Brief: From the first line of the listing below, retype each line up to and including the one with "عَنِ الثِّقَاتِ مَنَاكِيرُ"; pictures stay out.
━━ Recorded data
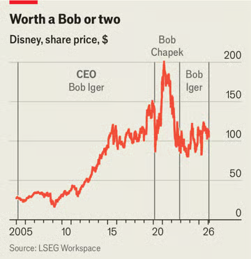 디즈니의 발전을 이끌었던 밥 아이거도 주가 반전을 이끌어내진 못했습니다. [출처=LSEG Workspace, The Economist]
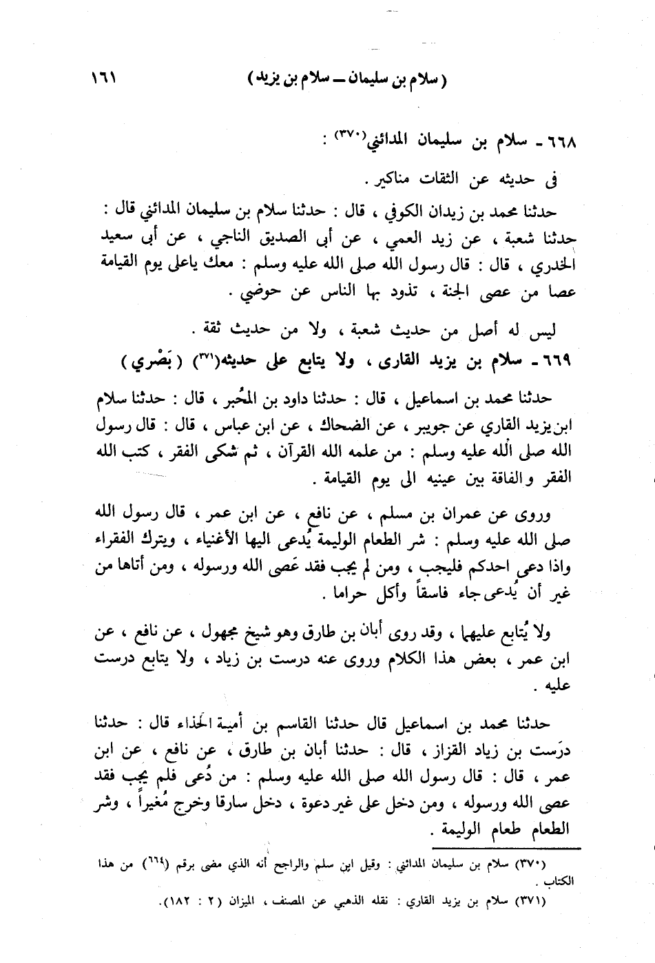 §668 - سَلَّامُ بْنُ سُلَيْمَانَ الْمَدَائِنِيُّ فِي حَدِيثِهِ عَنِ الثِّقَاتِ مَنَاكِيرُ
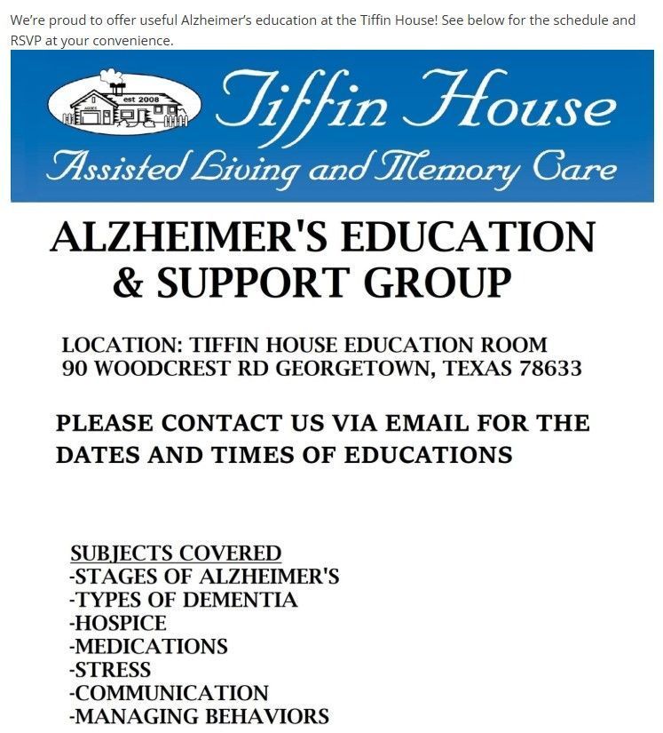 At Tiffin House-Assisted Living & Memory Care, we're committed to providing educational resources for seniors, families, and caregivers in the Central Texas area. Our goal is to equip you with the information you need to make informed decisions about assisted living and memory care. From understanding Alzheimer’s and dementia to finding local support groups, we provide guidance every step of the way. We also offer tools and information on financial planning and understanding care costs, helping you navigate the complexities of senior care with confidence and peace of mind.
━━━━
Task response:
 디즈니의 발전을 이끌었던 밥 아이거도 주가 반전을 이끌어내진 못했습니다. [출처=LSEG Workspace, The Economist]
 §668 - سَلَّامُ بْنُ سُلَيْمَانَ الْمَدَائِنِيُّ فِي حَدِيثِهِ عَنِ الثِّقَاتِ مَنَاكِيرُ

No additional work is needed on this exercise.